Amazingly enough, despite the appeal of that magic twelve-word formula, Couéism did not really take hold in America, and was a short-lived fad. While today the man would probably be elevated to cult-hero status in the U.S. – and his ideas certainly live on in many forms – Americans weren’t quite so enamored of magical thinking in the early 1920s. Of course we've always been gullible in plenty of other ways; had this not been the case, Paul Sann would not have been able to fill up a large book documenting our follies (360-plus pages, oversized (85/8 x 111/8), set in double columns in 10-point Baskerville type).

But Coué, with his sophisticated notions of autosuggestion, faced much the same problem that Michael J. Fox’s character, Marty McFly, encountered in Back To The Future, when he launched into a cacophonous guitar riff at a 1955 sock hop. When Michael-as-Marty’s musical efforts were met by stunned silence, he conceded, "I guess you guys aren’t quite ready for that. But your kids are gonna LOVE it." Similarly, Americans in the early ’20s weren’t quite ready to embrace the true power of thought. Give them another thirty years, though, and they were more than ready for Norman Vincent Peale. Give them another fifty years after ol' Norm came out with his classic, and they were perfectly primed for The Secret. Coué would have probably been one of the top "stars" on Rhonda’s infomercial.

Alas, poor Coué did not have the advantage of Marty McFly’s time-traveling perspective, and in due time he went back to the Continent, where, despite any autosuggestion or other techniques he may have tried, he died in 1926 of heart failure (some sources say pneumonia was the culprit). As Paul Sann noted, "One of the obituary writers summed up the story of Couéism in fifteen words: ‘It was conquered less by the scientists than by the demand for a new fad.’"
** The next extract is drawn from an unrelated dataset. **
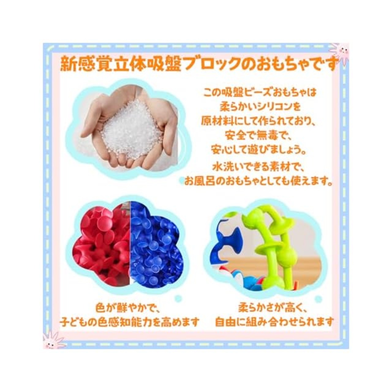 【吸盤ビーズおもちゃ】新感覚立体吸盤ブロックのおもちゃです。吸盤ブロックは従来の硬いブロックとは異なり、より柔らかく、吸着力が強く、押し倒されにくい。押したり引き抜いたりする動作で、子どもの握力を鍛えることができます。
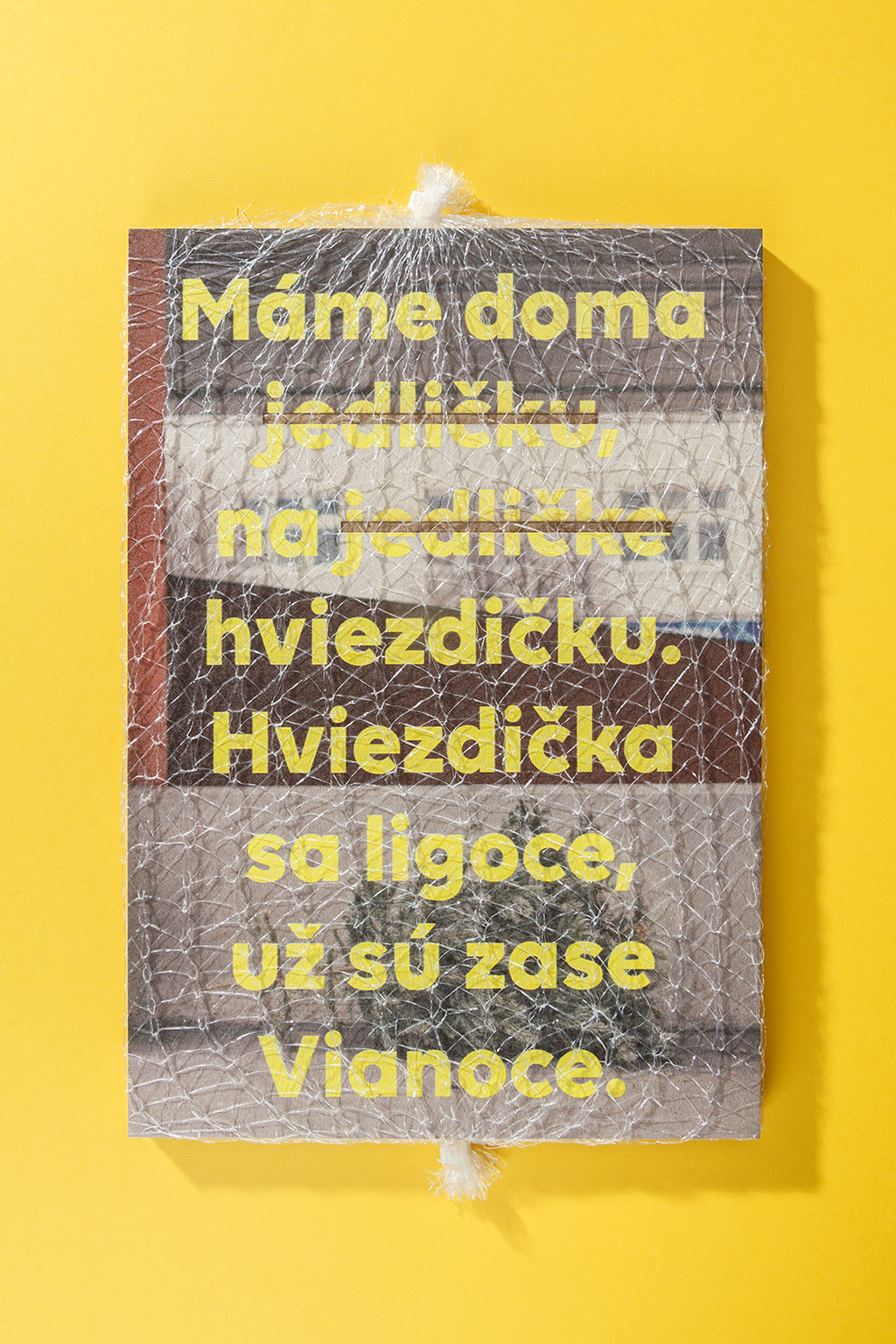 The yellow colour of the cover text was chosen due to its non-association with Christmas, as was the transfer paper, Yellow Creative Board (270 g/m2), and the thread used to stitch the binding. The book contains 56 pages in A4 format, which are printed on SH Recycling paper (140 g/m2). Digital printing on this type of paper created a subtle randomness that affects the quality of the photographs, which was the author’s intention. This small incomprehensibility amplifies its meaning. The book is wrapped in the same kind of plastic netting used to wrap Christmas trees.

And that is as true today as it always has been. When The Secret eventually falls out of favor – which I’m sure will eventually happen despite the increasingly absurd Secret spinoffs that continue to be churned out – it will be due less to the efforts of scientists, skeptics and random critics than to the public’s short attention span, and their hunger for ever newer and more exciting "breakthroughs." The big difference is that today there are a heck of a lot more exciting breakthroughs to choose from. And the bar has definitely been raised, miracle-wise (Paul Sann would have a field day, don’t you think?)although even today, some folks are still recommending some variation of Coué's "magic words."
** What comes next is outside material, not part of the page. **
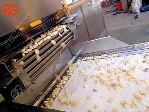 full automatic garlic peeling machine without cutted root| garlic peeler machine for sale. http://www.fruitok.com/product/commercial-peeling-machine/garlic-process-line.html . garlic separate machine,garlic peeler machine,garlic sorting machine,garlic packing machine and others.any problem you can contact me freely.

Day by day, in every way, the New-Wage world keeps getting sillier and sillier. I can’t wait to see what’s next.

PS added on Monday afternoon ~ Regarding one of the latest Secret-related gimmicks that allows you to actually "install" The Secret, my buddy Blair Warren wrote, "Soon they'll make it so easy for us that we'll be able to inject it, inhale it, add it to drinking water like a fiber supplement, etc. I'm sure someone...will offer to install it in people remotely, over the phone or via an e-mail request."
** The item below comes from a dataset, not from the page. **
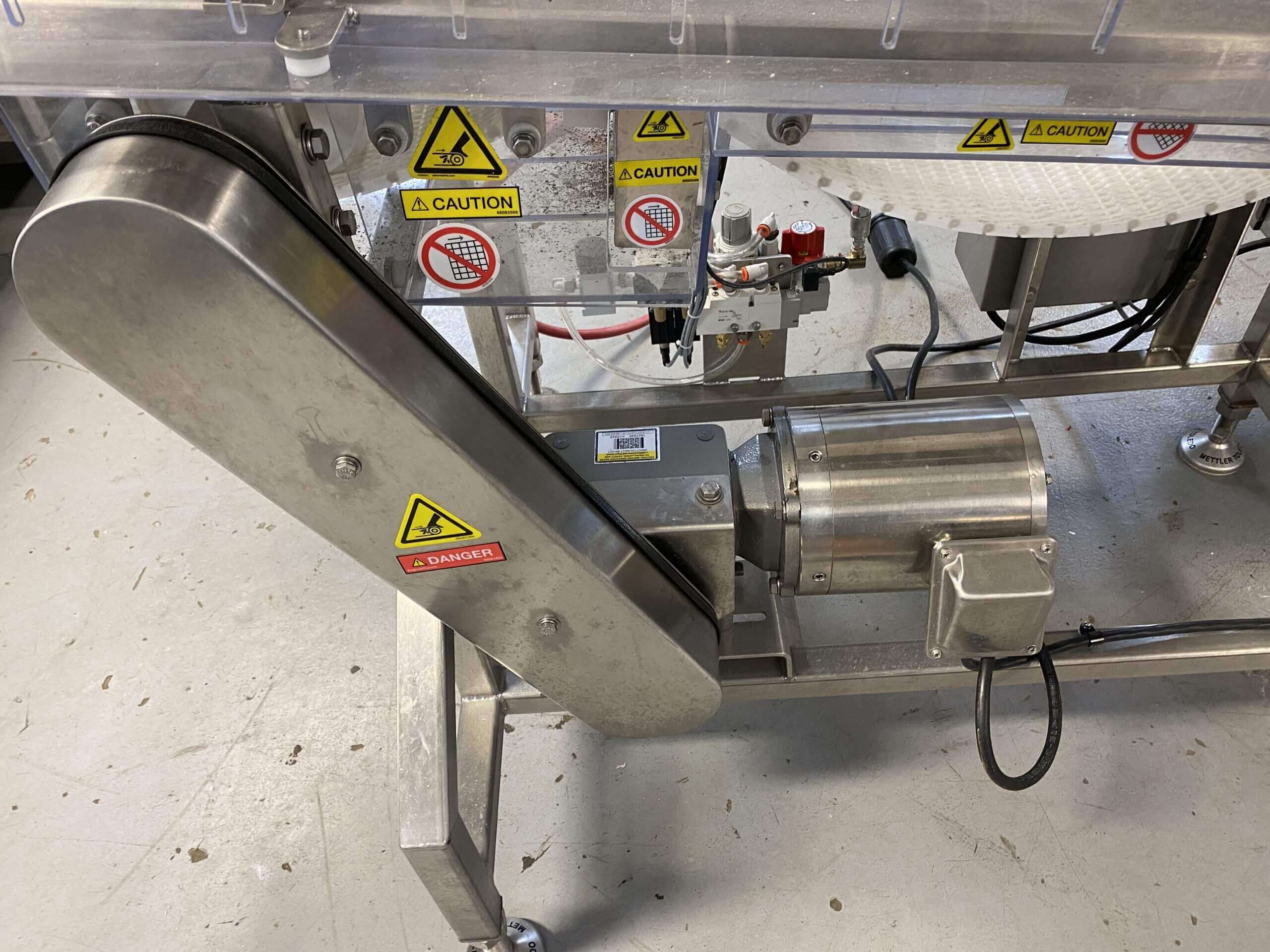 Safeline Metal Detector. 5-3/4″ x 6″ usable aperture. 6″ wide X 105″ long plastic conveyor belt. 18″ Pneumatic retractable shuttle for product reject, 1/2 hp stainless steel wash down motor and gear box, 110V/1PH/60Hz.

Recognizing, however, that some folks may have swallowed a bit too much Secret, and they might be feeling a bit clogged-up as a result, Blair added, "Maybe we should come out with our own Secret enema? I think there are a lot of people who could use one right about now."

"Fine, Blair," I wrote back. "You create the graphic for that one."

And he did (though fortunately, he chose not to depict the product actually being put to use. Good thing, too, since this is not that kind of blog.).